§ **DATA EXTRACT**
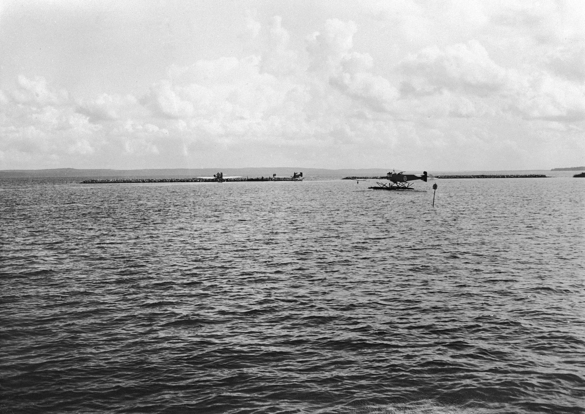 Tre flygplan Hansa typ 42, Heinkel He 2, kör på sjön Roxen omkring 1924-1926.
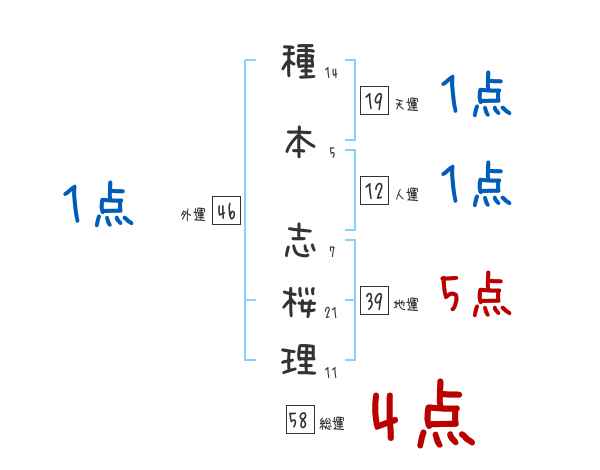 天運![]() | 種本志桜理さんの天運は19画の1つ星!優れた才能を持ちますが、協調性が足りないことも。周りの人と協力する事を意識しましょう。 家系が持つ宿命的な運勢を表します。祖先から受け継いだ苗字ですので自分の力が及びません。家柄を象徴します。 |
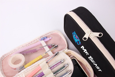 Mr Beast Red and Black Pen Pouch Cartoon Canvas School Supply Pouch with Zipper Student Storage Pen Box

§ **YOUR ASSIGNMENT**
Without any pictures, print the whole listing again exactly as it stands.

§ **ANSWER TO THIS PROBLEM**
 Tre flygplan Hansa typ 42, Heinkel He 2, kör på sjön Roxen omkring 1924-1926.
 天運![]() | 種本志桜理さんの天運は19画の1つ星!優れた才能を持ちますが、協調性が足りないことも。周りの人と協力する事を意識しましょう。 家系が持つ宿命的な運勢を表します。祖先から受け継いだ苗字ですので自分の力が及びません。家柄を象徴します。 |
 Mr Beast Red and Black Pen Pouch Cartoon Canvas School Supply Pouch with Zipper Student Storage Pen Box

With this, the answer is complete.